The government will also underwrite investment for new power generation, which was also recommended by ACCC, to ensure new generation gets financed.

The ACCC will be given new powers so they can intervene when big electricity companies have abused or misused their market power. The powers include issuing directions and divestiture orders in worst-case scenarios. The agency will also receive $31.9 million in additional funding to carry out this function.

The prime minister said the ACCC’s additional powers could be used to direct a power station to keep running, similar to practices in the United States.

“Directions of this kind could be used to keep a power station going and, in fact, there are many electricity markets in the world where there are rules that operate exactly like that,” he said.

“The United States, it is called the ‘generator must run’ rule where a generator can be obliged to keep running in order to maintain the relevant level of supply and security.”

Environment and Energy Minister Josh Frydenberg said he will continue talks with the states on the reliability guarantee component of the NEG. The Coalition MPs will discuss the new details of the NEG at party room meeting on Aug. 21.

Opposition Response

Opposition Leader Bill Shorten said the changes to the NEG announced today was about “appeasing Mr Turnbull’s enemies in government so he can keep his job.”

“[It’s] an energy policy that is about one thing only for the Turnbull Government: it’s to save Mr Turnbull’s job.” he said at a press conference on Aug. 20.

Shorten said Labor would reserve support for the new policies until it was able examine the details.

“We would like to talk about energy prices, as long as it includes more renewable energy, lower prices and less pollution,” he said.

“I’m not saying we will automatically agree, but I’m willing to put aside party politics to lower energy prices, to lower emissions and to have more renewable energy in the system.”

Why the Partyroom Split?

Earlier in the day, former prime minister Tony Abbott, who has led the charge against the government’s energy policy, told reporters his position was not about “personalities” or the prime minister’s leadership.

“It is not about personalities, it is not about him, it is not about me, it is about what is going to give Australians the best possible energy system that delivers affordable, reliable power,” Abbott said.

“What we have got to get is a contest.

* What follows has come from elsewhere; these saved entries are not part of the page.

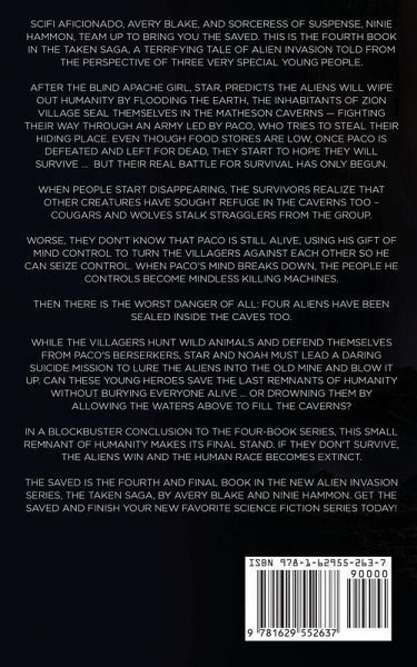 SciFi aficionado, Avery Blake, and sorceress of suspense, Ninie Hammon, team up to bring you The Saved. This is the fourth book in The Taken Saga, a terrifying tale of alien invasion told from the perspective of three very special young people. After the blind Apache girl, Star, predicts the aliens will wipe out humanity by flooding the earth, the inhabitants of Zion Village seal themselves in the Matheson Caverns - fighting their way through an army led by Paco, who tries to steal their hiding place. Even though food stores are low, once Paco is defeated and left for dead, they start to hope they will survive ... but their real battle for survival has only begun. When people start disappearing, the survivors realize that other creatures have sought refuge in the caverns too - cougars and wolves stalk stragglers from the group. Worse, they don't know that Paco is still alive, using his gift of mind control to turn the villagers against each other so he can seize control. When Paco's mind breaks down, the people he controls become mindless killing machines. Then there is the worst danger of all: four aliens have been sealed inside the caves too. While the villagers hunt wild animals and defend themselves from Paco's berserkers, Star and Noah must lead a daring suicide mission to lure the aliens into the old mine and blow it up. Can these young heroes save the last remnants of humanity without burying everyone alive ... or drowning them by allowing the waters above to fill the caverns? In a blockbuster conclusion to the four-book series, this small remnant of humanity makes its final stand. If they don't survive, the aliens win and the human race becomes extinct. The Saved is the fourth and final book in the new alien invasion series, The Taken Saga, by Avery Blake and Ninie Hammon. Get The Saved and finish your new favorite science fiction series today!
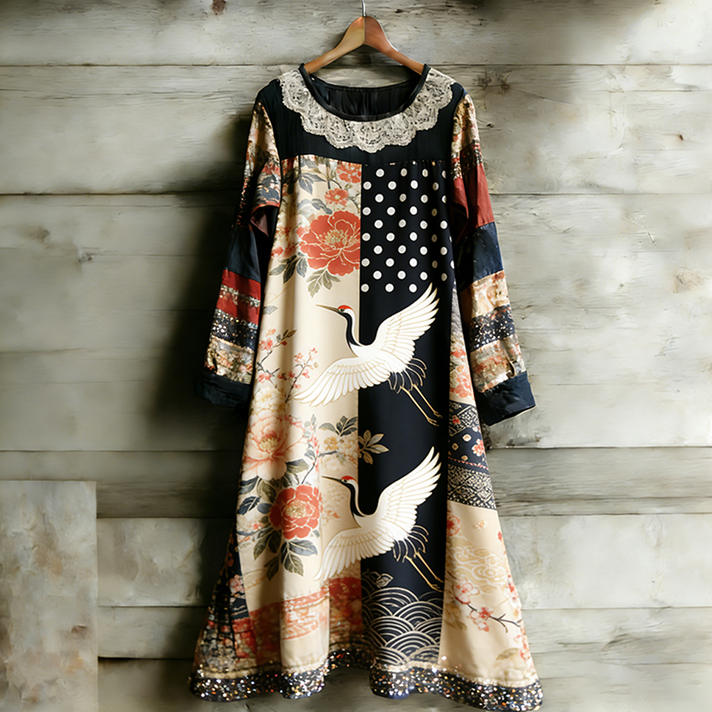 Women's Vintage Floral Flying Crane Lace Round Neck Dress
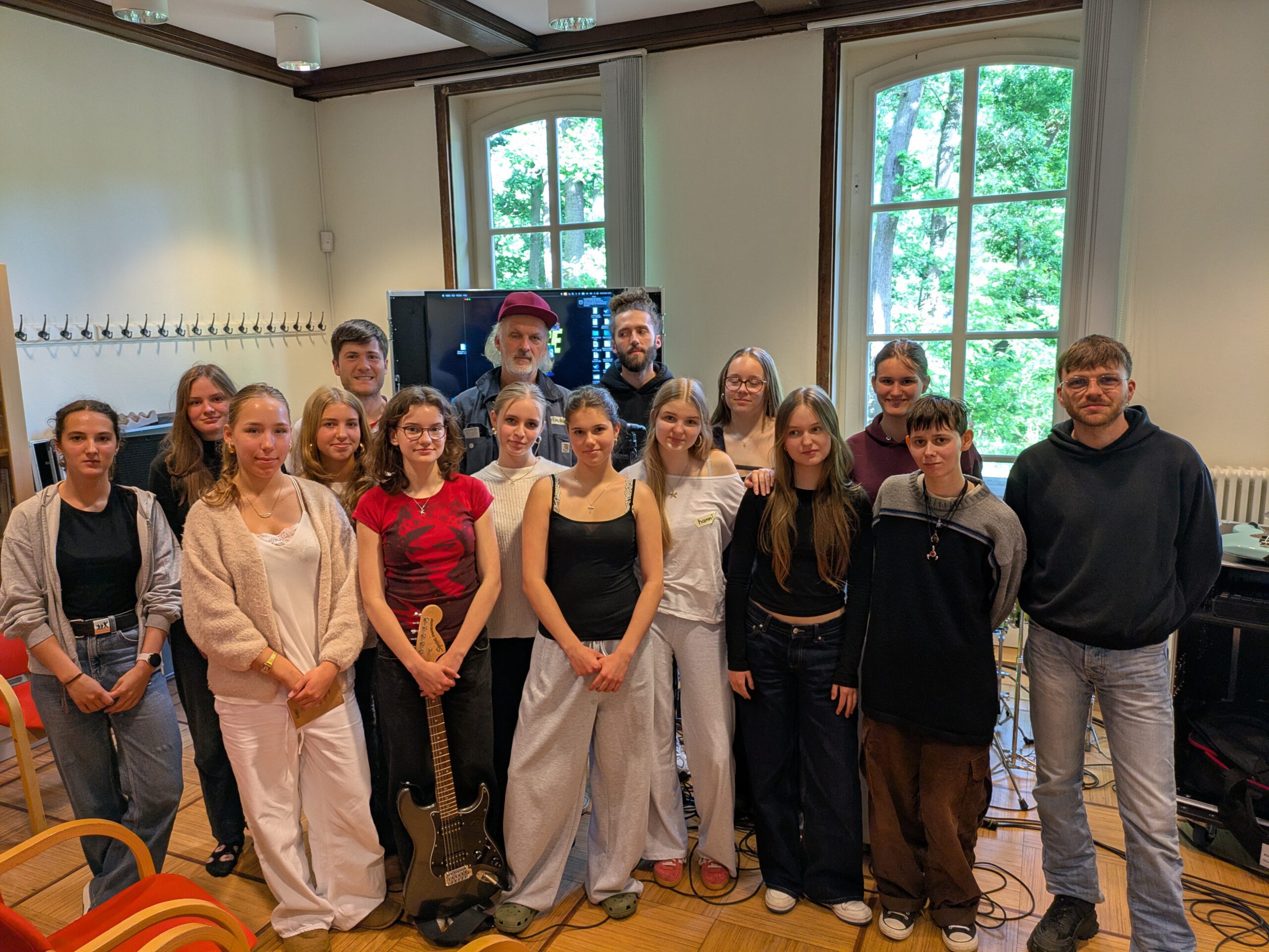 Der Mittwoch begann damit, dass wir eine selbstgeschriebene Akkordfolge und einen Text, in Reaktion auf das Erarbeitete des Vortrages, ausprobiert haben. Nachdem der beides im Kasten war, haben wir uns in zwei Gruppen aufgeteilt. Die eine Gruppe hat sich um den Text des Liedes gekümmert, dabei hat uns Nikko geholfen; währenddessen hat sich die andere Gruppe sich um den musikalischen Teil gekümmert. Es wurden verschiedene Stimmen eingesungen und Instrumente eingespielt, wobei Jakob die Aufnahmen gemischt hat. Schließlich haben wir beide Gruppen zusammengeführt und den Song gemeinsam produziert, wobei Jakob einen Großteil der Arbeit am Mischpult getan hat.
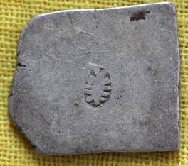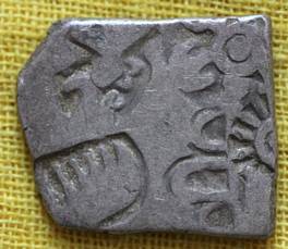 | Description / विवरण | The coin is the imperial type of punch marked coin. It is irregular in shape. Obverse Symbol of three arched Mountain, Sun, six- armed wheel, an elephant. Reverse the symbol of an insect. |
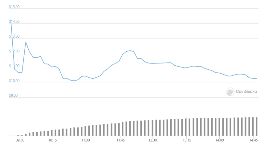 Data from CoinGecko shows that on its first day of trading live in the markets, DYDX is trading at a price of $10.28 at the time of writing after hitting an intra-day high at $14.24.
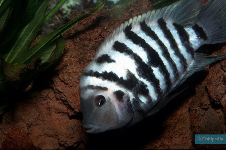 Amatitlania nigrofasciata, also known as convict cichlid, is a small cichlid from Central America that is popular in the aquarium hobby. Recognizable by its compact, striped body, it is famous for its strong territorial behavior and highly developed parental care. It is regularly used as a model species in behavioral studies.
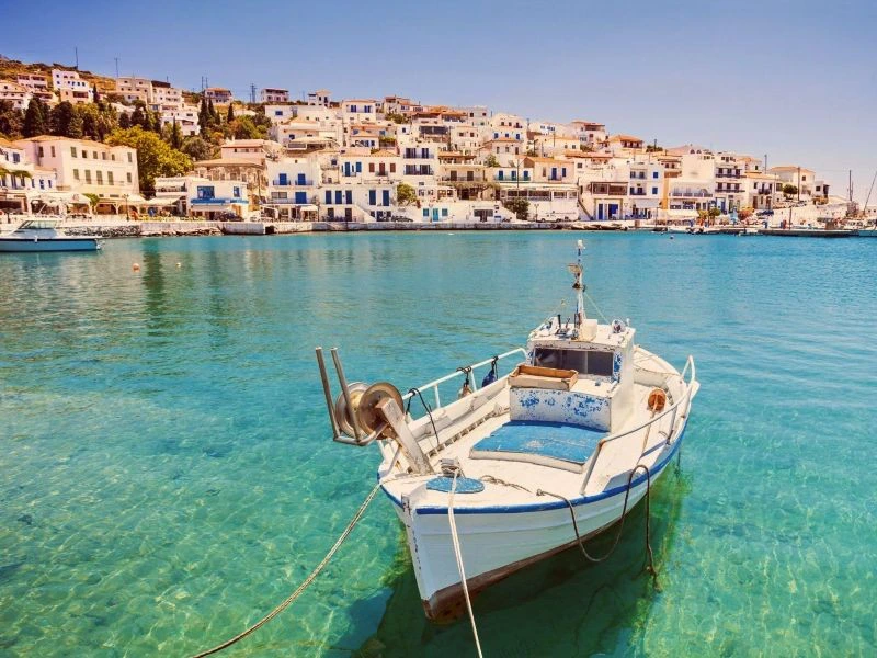 De Cycladen duur en toeristisch? Niet op Andros. Dit op één na grootste eiland ligt op slechts twee uur varen van Athene en wordt vooral bezocht door de Grieken zelf. Het eiland is ideaal als je van wandelen houdt. Het heeft inmiddels 160km schoongemaakte en goed aangegeven wandelpaden. Andros is een stuk groener dan de andere eilanden, je vindt er dan ook tal van waterbronnen en bergstroompjes.
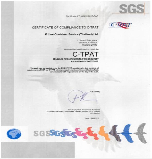 KCST社は1989年設立以来、地域密着型の高品質物流サービスを提供して参りました。2015年にはレムチャバン港の近郊にコンテナデポ、トラックデポ、倉庫を集約した最新鋭の物流センター(K Line Bang Phra Logistics Center)を新規開設し、現在はタイ国内で4拠点を有する総合物流企業となっております。同社はお客様よりお預かりする貨物の「安全品質」確保に着目し、その品質の証明となるISO28000及びC-TPAT認証取得に向けて、従業員一丸となって取り組んで参りました。
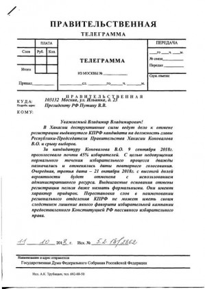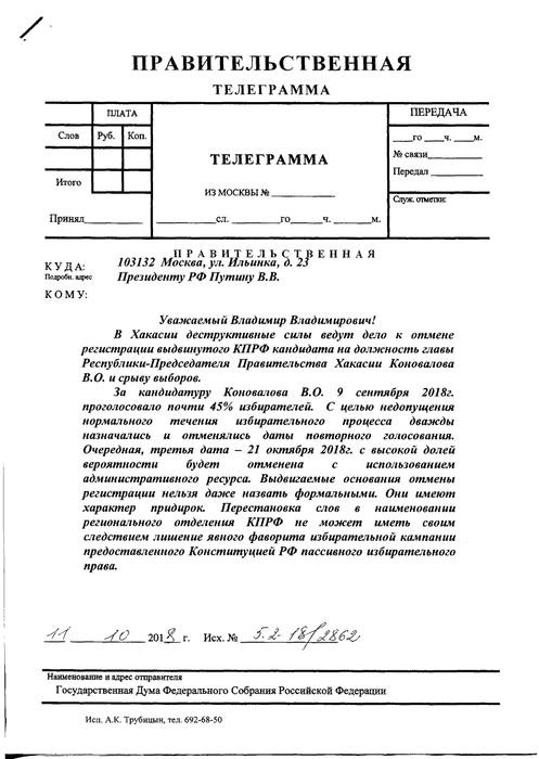 КПРФ решительно протестует против административно-командного произвола на выборах. Надеемся, уважаемый Владимир Владимирович, что Ваши слова о проведении честных и открытых выборов в Хакасии будут реализованы на практике".
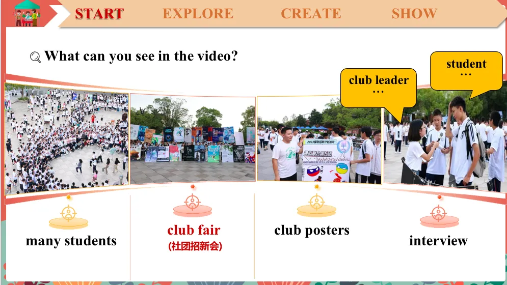 So what can you see?I can see many people. OK, many people. So who are they?Excellent. They are students, right? Very good. And what are they doing? OK, this girl, please. Yes, they're trying to join clubs, right? And we call this activity…?A club fair. So a club fair is an event where club leaders can find members for their club. OK. So read after me, club fair, club fair. And what else can you see?OK, this girl, please. All right. Many different posters, right? So why are they putting up posters?OK, that girl. OK. Very good. They want to find members, right? OK, who wants to find members?OK, you see, if I am the founder of the club, I want of find the members, right? So I am the club member or leader?Leader, right? So in what way else can I find members besides putting up posters?OK, look at that picture, what are they doing?They seem to be talking, right? It seems that the club leader is trying to ask the student some questions. So we can call this way an…?An interview, right?
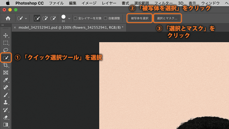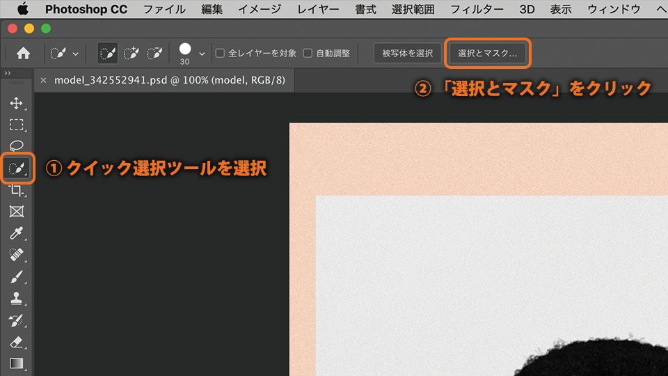 クイック選択ツールを選択し、オプションバーの「選択とマスク」をクリックします。

The only way we [the Coalition] can win the next election is to have a contest over policy, not over personalities, we have got to be the party that is on the side of getting prices down and let Labor that is the party all about getting emissions down.”

Earlier in July, Abbott had warned that the government’s NEG was essentially an emissions trading scheme in disguise, calling for Australia to withdraw from the Paris climate accord.

“Of global emissions, China is responsible for 28 percent, America 15 percent, Europe 11 percent, India 7 percent—and Australia a puny 1.3 percent,” Abbott said in his July speech.

But with China and India not having made any commitment the Paris agreement to reduce their emissions, and the United States having withdrawn from the agreement under President Donald Trump, Abbott said, “I think the best thing we can do right now is to pull out of the Paris agreement.”

“If we had known then what we know now, about American withdrawing and about the economic damage in particular would do to our power system and to our industries, we would never have signed up.”